Negative impact aside, I don’t hate Envato or the concept of marketplaces. I have no personal issues with the individuals at Envato or the sellers. I just don’t like that it is 2015 and once again we are still having this extremely repetitive online debate once again.
Pointing fingers doesn’t make things better. Solutions to problems make things better. We know the solution.
What will make things better is implementing and enforcing best practices and requiring sellers to adhere to them if they wish to benefit from the huge reach that their marketplaces provide to their sellers.
The problem is the solution is going to be painful. For sellers and for Envato. But sooner or later it has to be done. Will it suck short term for those caught in the middle? Absolutely. But in the long run Envato, the sellers and the entire WordPress ecosystem will be far better off because of it.
You are right Carl, that’s what I meant with education being the key. Envato should set stricter rules but I guess things like that take time.
They do take time. But it’s 2015 and this is a conversation that has come up every year for at least the past 2 and really as long as ThemeForest and CodeCanyon have been selling WordPress products. Conversation doesn’t fix the problem. Action fixes the problem.

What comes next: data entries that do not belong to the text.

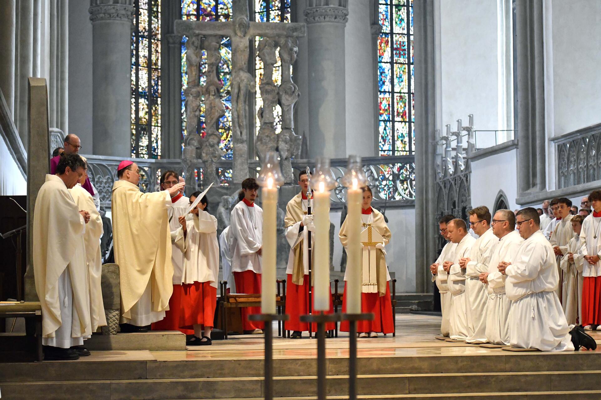 Auch die Ehefrauen der Weihekandidaten bestätigten während der Weiheliturgie mit ihrem „Ich bin bereit“ die Frage des Bischofs nach der Bereitschaft, ihre Ehemänner bei deren Dienst zu unterstützen. Schon in seiner Predigt brachte Bischof Bertram den anwesenden Frauen sowie Familienangehörigen und Freunden gegenüber seine Wertschätzung zum Ausdruck: „Danke, dass Sie den mutigen Weg der künftigen Diakone mitgehen und Ihnen den Rücken stärken. Sie unterstützen Menschen, die nicht primär verdienen, sondern dienen wollen. Das ist heute nicht selbstverständlich. Seien Sie stolz darauf!“
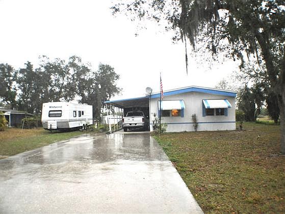 60 FOOT DOUBLE-WIDE MOBILE ON YOUR OWN HALF ACRE OF LAND! Very well-maintained double-wide, 2 bedrooms, 2 baths, extra large family room with built-in entertainment center, large screened lanai off the carport. Nice size kitchen opens to dining area. Large master bedroom with bigger than average closets. Double vanity sink in master bath. Guest bath "Jack and Jill" style that opens to guest bedroom and in-house utility. Property has 2 wells. Move-in condition.
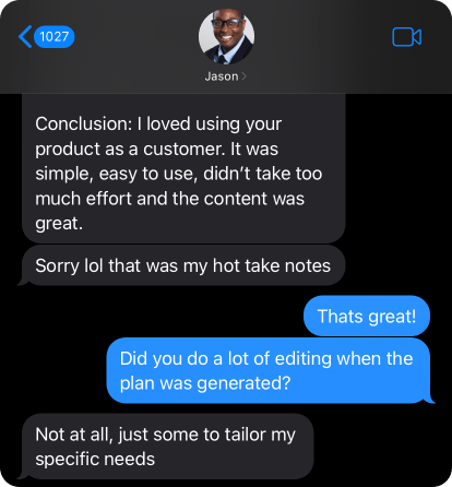 Once your AI plan is generated you can easily edit the plan with our "Talk To Plan" feature. You can input what you want changed and AI will take care of the rest
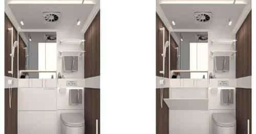 这辆露营车的独特之处之一是其125厘米宽的厨房,配备34 x 40厘米的水槽、141升的冰箱以及一个似乎是标配的烤箱。对面是一个140厘米高的衣柜,配有挂衣空间和抽屉。浴室也很宽敞,宽度为120厘米。水槽可伸缩,但淋浴时无需对这间浴室进行任何改造。
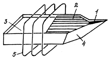 Рис.2 Схема метода горизонтально направленной кристаллизации(метод Багдасарова): 1- затравка; 2 - кристалл; 3 - расплав; 4 - контейнер; 5- нагреватель
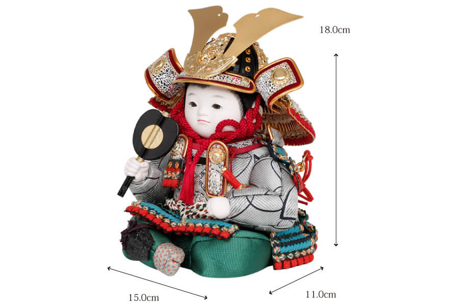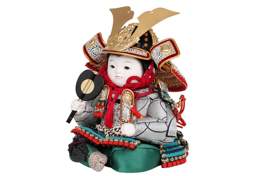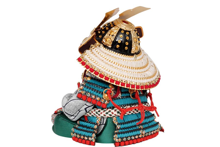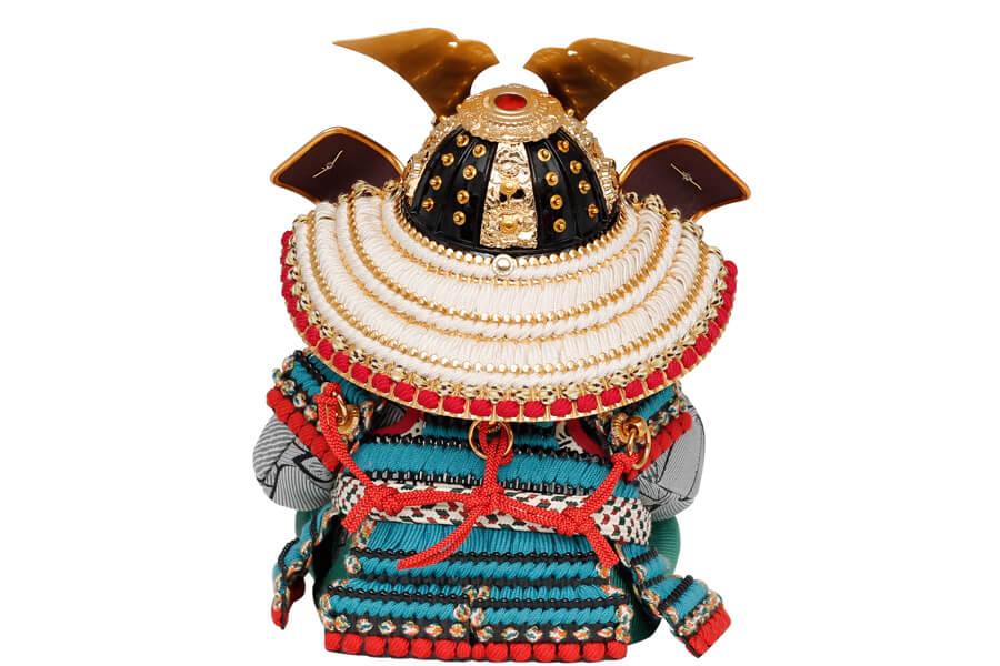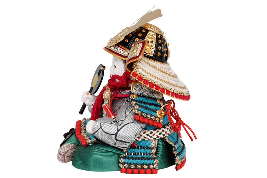 人気の高い浅葱糸威の甲冑を身に着けた童武者人形。愛らしくも勇ましい表情の小さな武者が晴れの日をお祝いします。

It’s not going to happen any time soon (me thinks).
They have a lot in their plate right now. Not sure if you are familiar with the new way Envato is handling taxes, fees etc. but with the new system, there are authors (especially elite authors with 6 & 7 figure sales) who are simply exposed to legal issues in many countries around the world.
I guess this is on top of their list right now which means (speculating here) that we won’t be seeing any new rules anytime soon.